Embedding TS TBB crystals into the PVA selective layer on PVDF adds an active, thermally triggered mechanical component to an otherwise static membrane. Upon heating slightly above room temperature, crystal actuation disrupts foulant accumulation and modifies local structure (gating), leading to enhanced water vapor transport without compromising salt rejection. The observed deviations from Arrhenius-type flux near the TBB transition, the increased gas permeability with temperature relative to reference despite Knudsen-dominant transport, and SEM evidence of thermally induced porosity and crystal-induced holes collectively support a dynamic transport regime activated by TS behavior. Increased hydrophilicity (lower contact angle) and pH-sensitive surface charge further contribute to improved water affinity and reduced foulant adhesion, yielding self-cleaning capability in both OD and DCMD. Despite the harsh hypersaline conditions beyond RO operability, P-P-T1.0 maintained higher flux and stable energy consumption, and exhibited smaller declines in Bm across cycles, confirming reduced fouling propensity. The anisotropic thermal expansion of TBB likely modulates crystal–matrix contacts below the transition, contributing to responsiveness even before the full TS event. Overall, the results validate the hypothesis that TS-crystal actuation can drive a smart gating/self-cleaning mechanism that enhances performance and operational longevity in desalination.

This work introduces smart hybrid membranes that incorporate thermosalient organic crystals into a crosslinked PVA layer on PVDF supports to impart temperature-activated gating and self-cleaning. Optimized TBB loading (1.0 mg cm−2) increased OD water flux by up to 43% at 48 °C relative to reference while maintaining >99.95% salt rejection, and significantly mitigated fouling across repeated OD and DCMD cycles, sustaining >1 L h−1 m−2 flux in hypersaline DCMD with stable energy consumption. Surface analyses link performance gains to increased hydrophilicity and pH-responsive charge, while transport analyses and microscopy indicate a dynamic, thermally activated mechanism arising from crystal actuation and induced porosity. The approach offers dual responsiveness (temperature and pH), is compatible with a range of TS materials and membrane compositions, and points toward a broad class of energy-efficient, self-cleaning separation membranes. Future work should explore alternative TS crystals and loadings, long-term cycling durability and mechanical integrity, heat-recovery integration to reduce STEC, scale-up to practical modules, and expansion to other separations (e.g., organic solvent nanofiltration, gas separations).

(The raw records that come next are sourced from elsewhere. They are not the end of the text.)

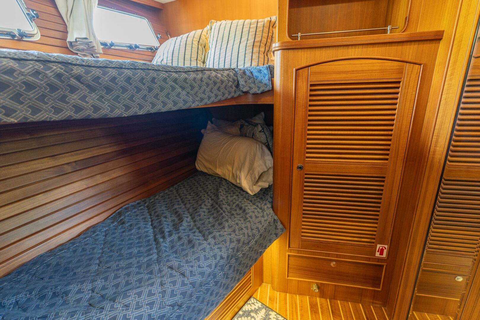 The port guest stateroom houses two bunks, drawers underneath the beds, hanging locker forward, and a desk with additional storage aft.
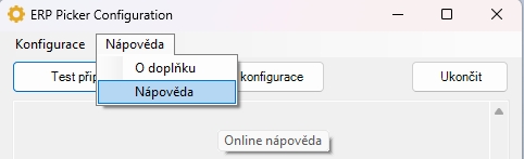Příkaz se nachází v nabídce Nápověda dialogového okna ERP Picker Configuration. Po spuštění otevře okno webového prohlížeče s online nápovědou.
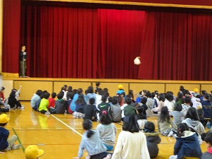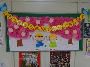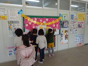 3月1日(木) 児童集会で飛んでるものを当てるゲームがありました。終えて体育館からの帰りに職員室前の掲示が3月のものに変わっていました。1年生が「かわいいー」と言って見入っていました。

- Mechanical stability at high TBB loadings: At 2.0 mg cm−2, the functional layer became brittle and delaminated; even at optimal loading, crystal popping during phase transitions generates large pores/holes that could compromise long-term integrity. - Flux magnitude and conditions: Although flux enhancements are significant, absolute fluxes are modest compared to some thermoresponsive microgel membranes; OD/DCMD tests were conducted under lab-scale, low-Reynolds-number conditions with small membrane areas. - Energy consumption: DCMD STEC (~9500 kWh m−3) is high, though potentially mitigable via multistage heat recovery not implemented here. - Limited cycling window: OD (5 cycles) and DCMD (3 cycles) demonstrate trends but do not establish very long-term durability, fatigue resistance, or crystal stability over many thermal cycles. - Material interactions: Performance depends on PVA degree of hydrolysis and TBB–PVA interactions; aggregation/stratification at higher loadings reduces benefits and may limit scalability. Gas permeation changes were modest, suggesting that dynamic effects may be masked by porous transport regimes in some conditions.